Both H2020 projects (Home of Cool Phase 1 and Phase 2) are explicitly focused on designing a space-constrained cooler for vending applications.
NORDIC 24/7 SERVICES OY
Finnish SME developing compact, eco-friendly refrigeration units for food and beverage vending machines, EU SME Instrument Phase 1 and Phase 2 validated.
Their core work
Nordic 24/7 Services is a Finnish technology SME focused on developing compact, energy-efficient cooling systems for the food and beverage vending industry. Their core product — the "Home of Cool" cooler — is engineered for limited-space vending environments where conventional refrigeration is impractical or energy-wasteful. The company successfully navigated the full EU SME Instrument pathway, moving from a funded feasibility study to a full-scale development project, which signals a commercially validated product concept. Their work sits at the intersection of refrigeration engineering and green retail infrastructure.
What they specialise in
The Home of Cool project description emphasizes environment-friendly design as a core technical requirement, not just a compliance feature.
Both projects specifically target high-volume food and beverage vending as the deployment context for the cooling solution.

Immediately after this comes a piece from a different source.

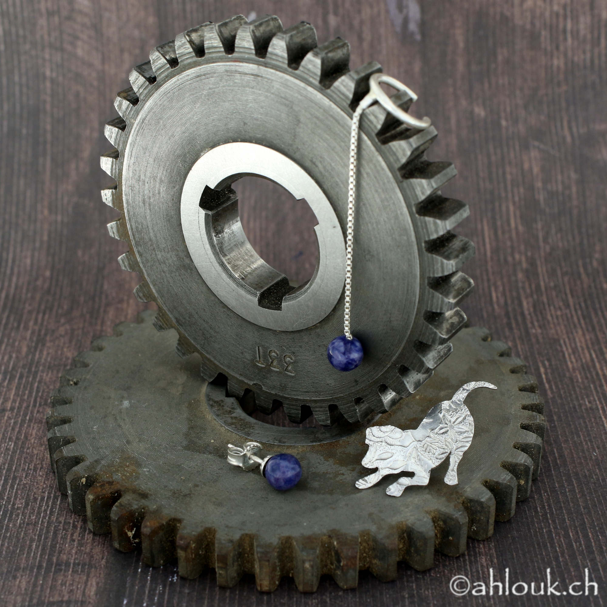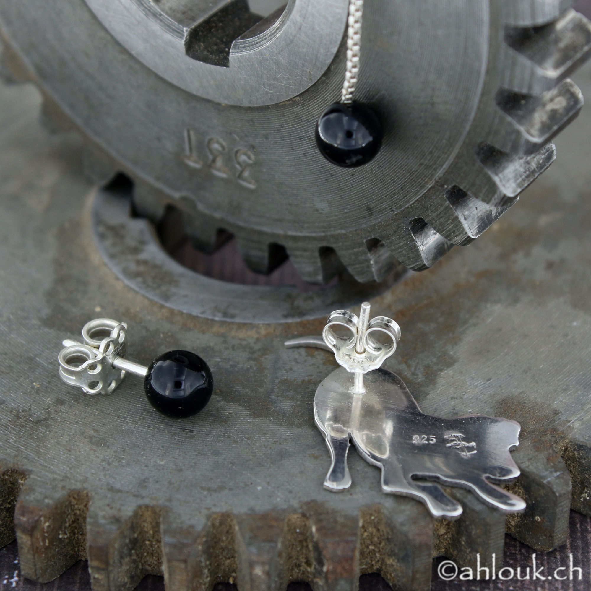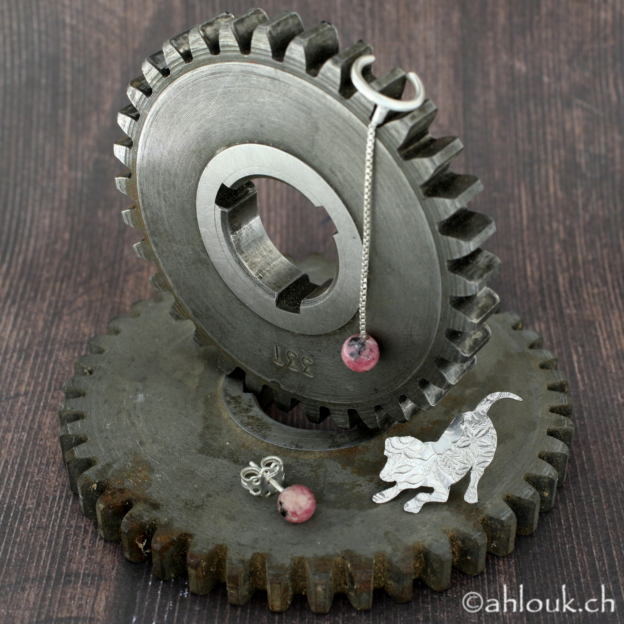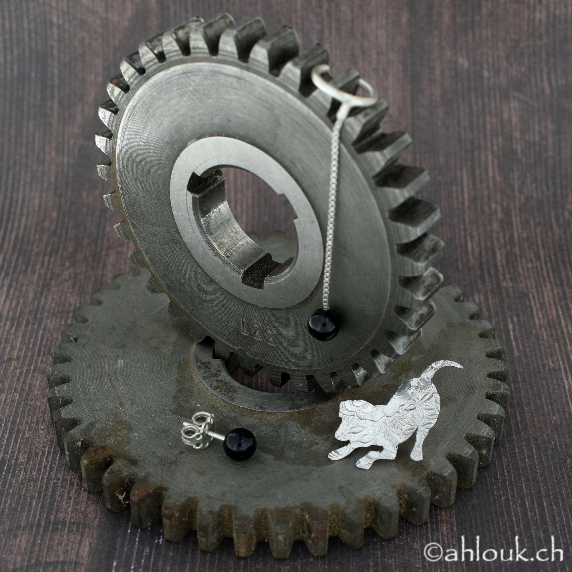Simpatici orecchini asimmetrici a forma di cane che gioca con una palla

Completing both SME Instrument Phase 1 (feasibility) and Phase 2 (development, EUR 1.127M) demonstrates experience taking a hardware product from concept to market-ready stage within EU innovation frameworks.
How they've shifted over time
Nordic 24/7's H2020 participation tells a single, focused product story rather than a shifting research agenda — both projects are stages of the same "Home of Cool" development. In 2016 they secured Phase 1 funding to validate the technical and commercial feasibility of their cooler concept; by 2017 they had sufficient proof to win a Phase 2 grant more than twenty times larger for full development and commercialization. There is no keyword-level evidence of a thematic pivot, suggesting this is a deep-specialist product company rather than a research-driven organization exploring multiple domains.
Their trajectory points toward product commercialization — if the Home of Cool development concluded successfully around 2019, any future EU engagement would likely involve scaling, certification, or entering new vending market segments rather than basic research.
How they like to work
Nordic 24/7 operated exclusively as a solo coordinator under the SME Instrument, which is designed for single-company innovation — no consortium partners appear in either project. This reflects a product-company mindset: they own the IP, lead the development, and do not depend on research partners. Anyone considering working with them should expect a supplier or licensing relationship rather than a co-development consortium dynamic.
Nordic 24/7 has no recorded H2020 consortium partners — both projects were executed as sole beneficiary under the SME Instrument. Their network within the EU research ecosystem appears to be limited to the relationship with EU funding bodies rather than a web of academic or industrial collaborators.
What sets them apart
Nordic 24/7 occupies a narrow but defensible niche: compact, environment-friendly refrigeration specifically engineered for vending environments, backed by EU Phase 1 and Phase 2 validation. For a consortium needing a specialist in low-footprint commercial cooling — particularly in retail automation, smart vending, or sustainable food distribution — they offer a market-tested product rather than a research prototype. Their Finnish base also makes them a natural fit for Nordic or Baltic market entries in sustainable retail technology.
Highlights from their portfolio
- Home of Cool (Phase 2)The largest grant (EUR 1.127M) represents a full SME Instrument Phase 2 award — one of the more competitive EU funding instruments for hardware SMEs — confirming that independent evaluators found the cooler concept commercially and technically credible.
- Home of Cool (Phase 1)The Phase 1 feasibility grant (EUR 50,000) initiated the full SME Instrument journey and is notable as the entry point that validated the business case for scaling investment into the eco-cooler product.